Wakil Ketua I DPRD Manokwari Frengki Awom menyatakan, aspirasi dan aduan para guru honorer dan para bidan yang masih berstatus honorer serta para dokter PTT yang disampaikan pada rapat dengar pendapat, Senin (7/5) kemarin telah menjadi agenda DPRD untuk ditindaklanjuti.

"Semua masalah ini telah kita jadwalkan. Mulai dari aspirasi awal yaitu masalah Rotasi, Promosi dan Demosi PNS di lingkungan Pemda Manokwari, status 1000 orang Guru Honorer, serta hak-hak dokter dan Bidang yang belum dibayarkan selama 10 bulan,'' katanya.

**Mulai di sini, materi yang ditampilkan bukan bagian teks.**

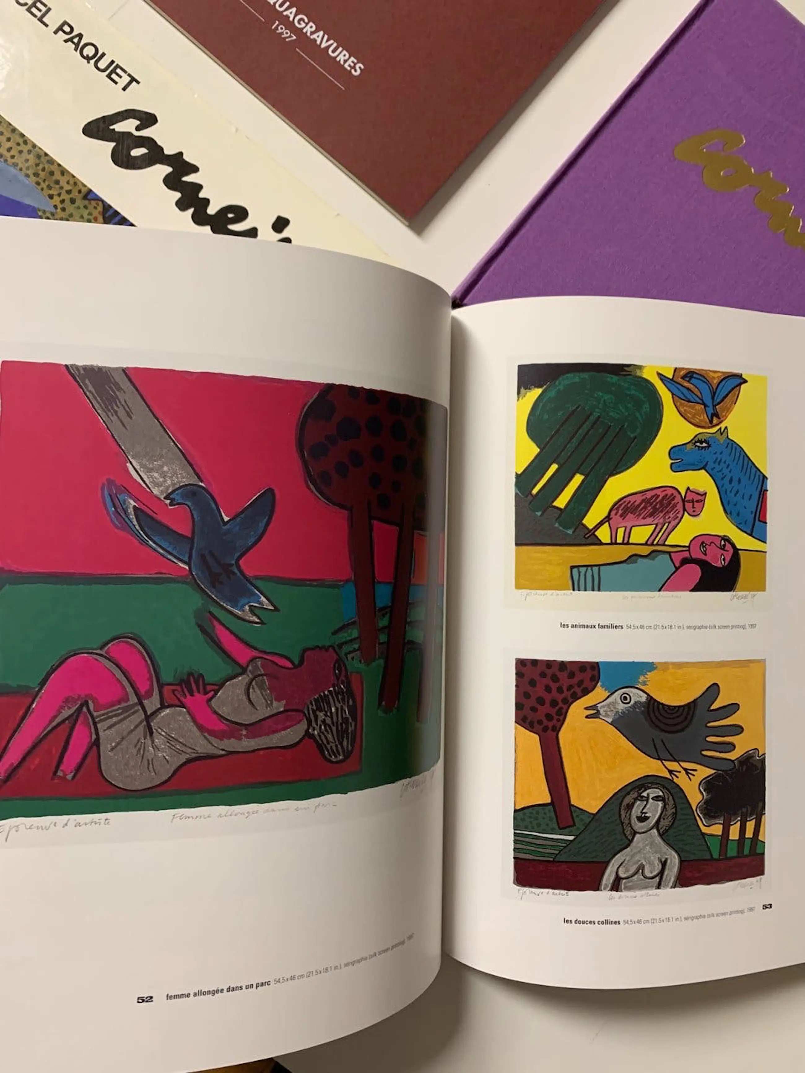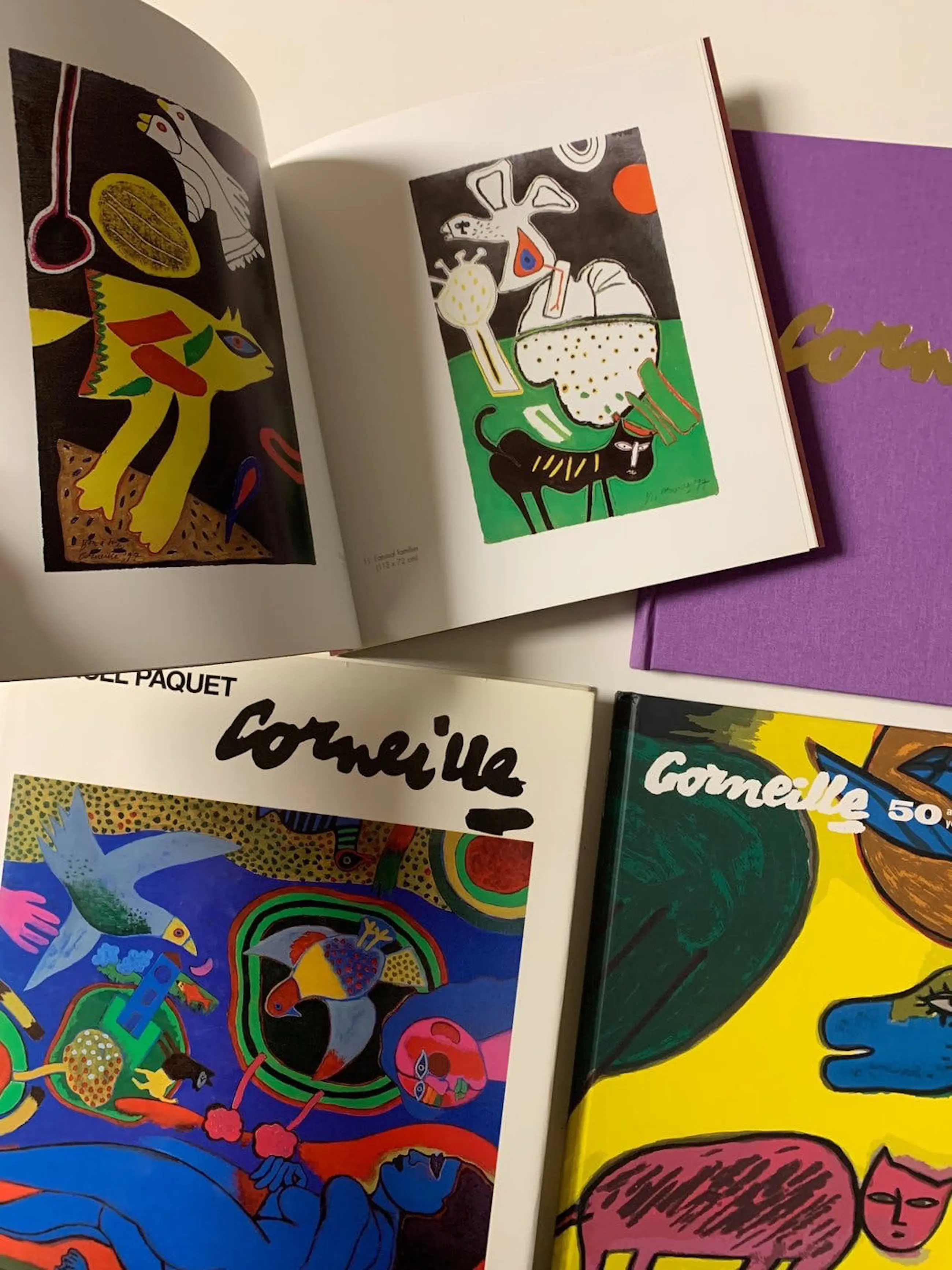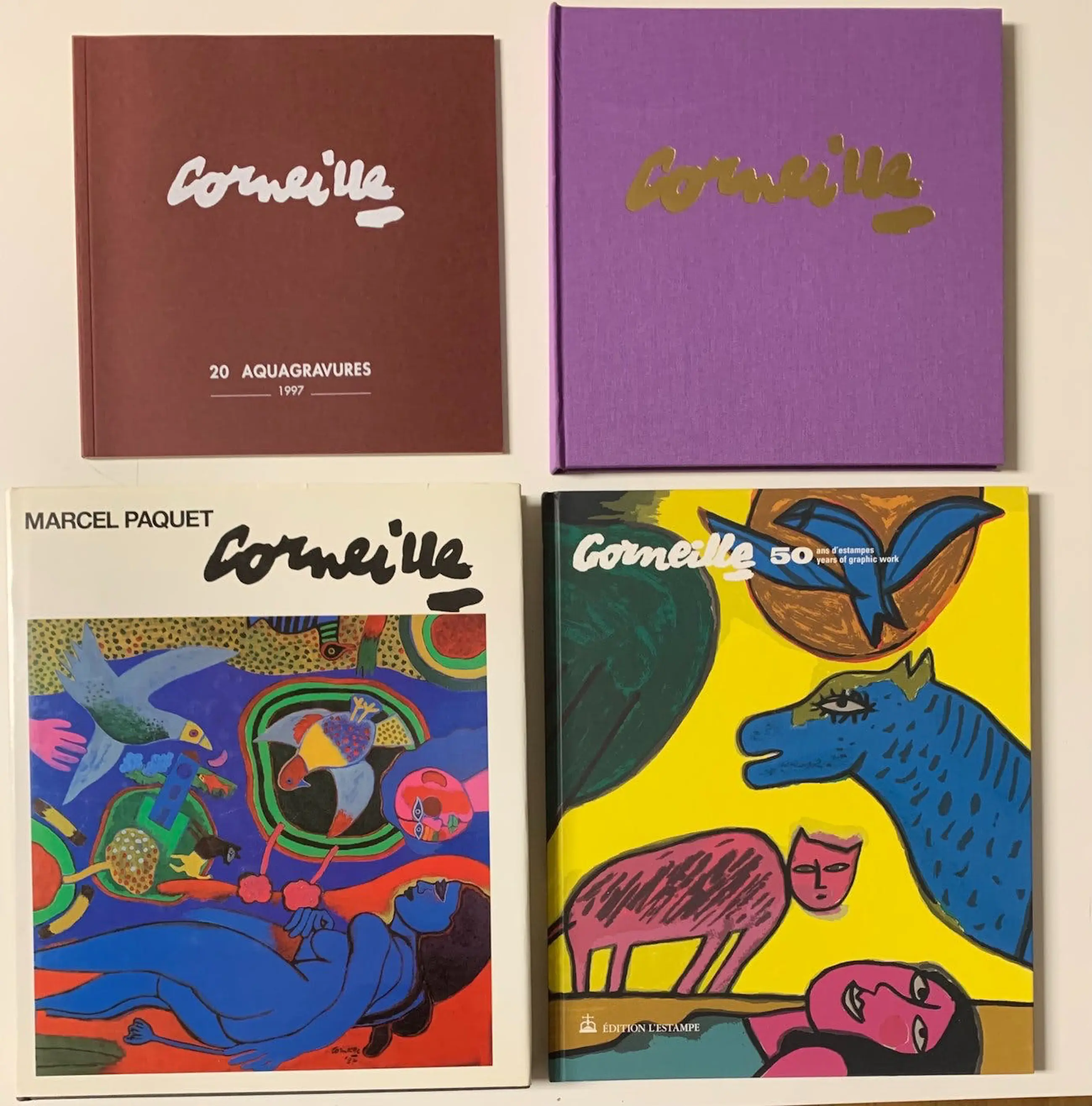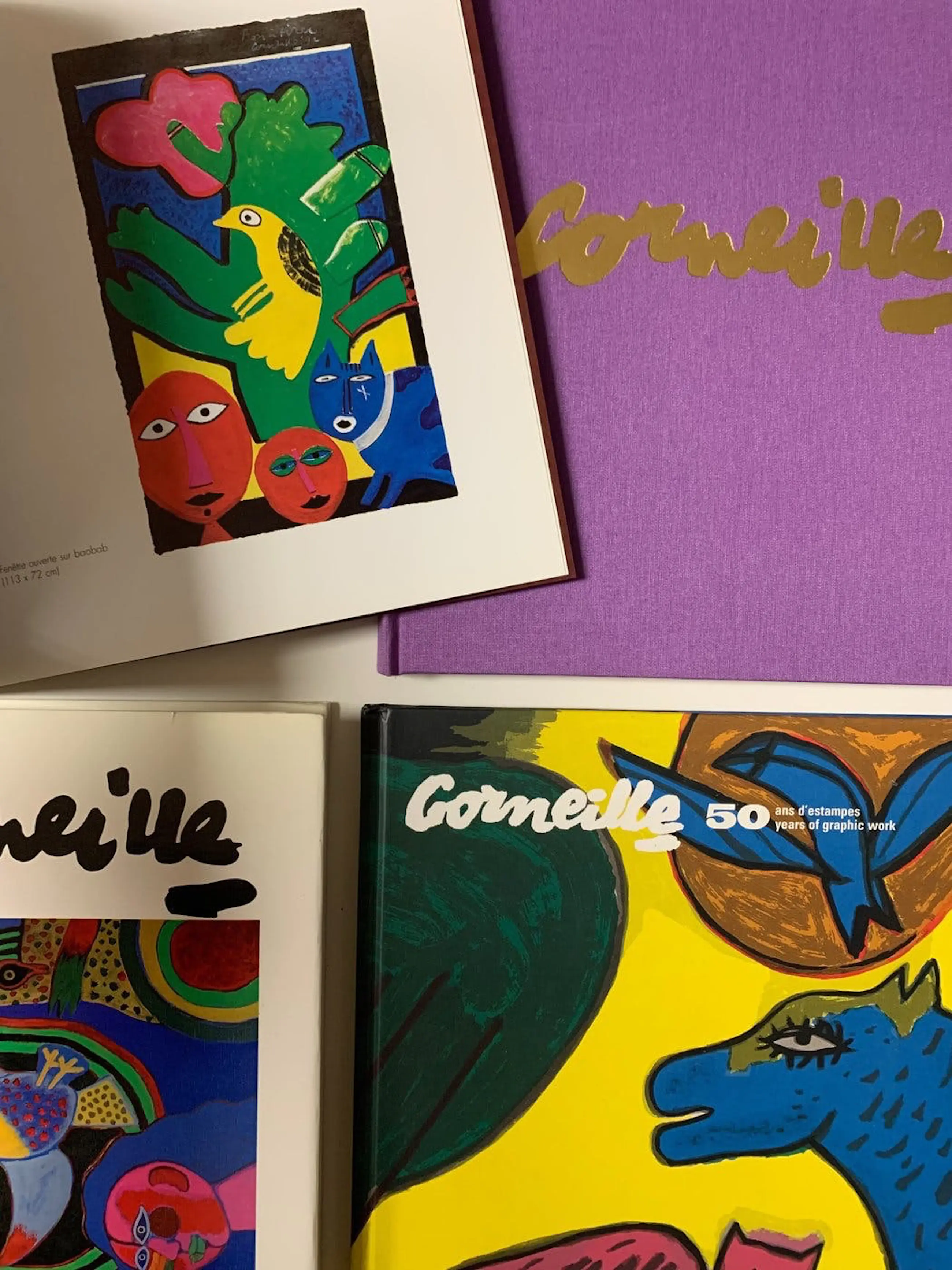 Set van 4 boeken over Guillaume Corneille die tegenwoordig moeilijk te vinden zijn, om het universum vol kleuren en vreugde van de schilder te betreden:

Ia menegaskan, hari ini, Selasa (8/5), DPRD Manokwari akan melayangkan surat panggilan kepada Bupati Manokwari, guna menjelaskan terkait aspirasi dan pengaduan 1000 orang guru honorer, 44 bidan dan 14 dokter PTT.

Lanjut Frengki, bila Bupati tidak mengindahkan surat yang dilayangkan Dewan, maka pihaknya akan menggunakan Mekanisme Dewan untuk memanggil Bupati untuk menerangkan persoalan dimaksud.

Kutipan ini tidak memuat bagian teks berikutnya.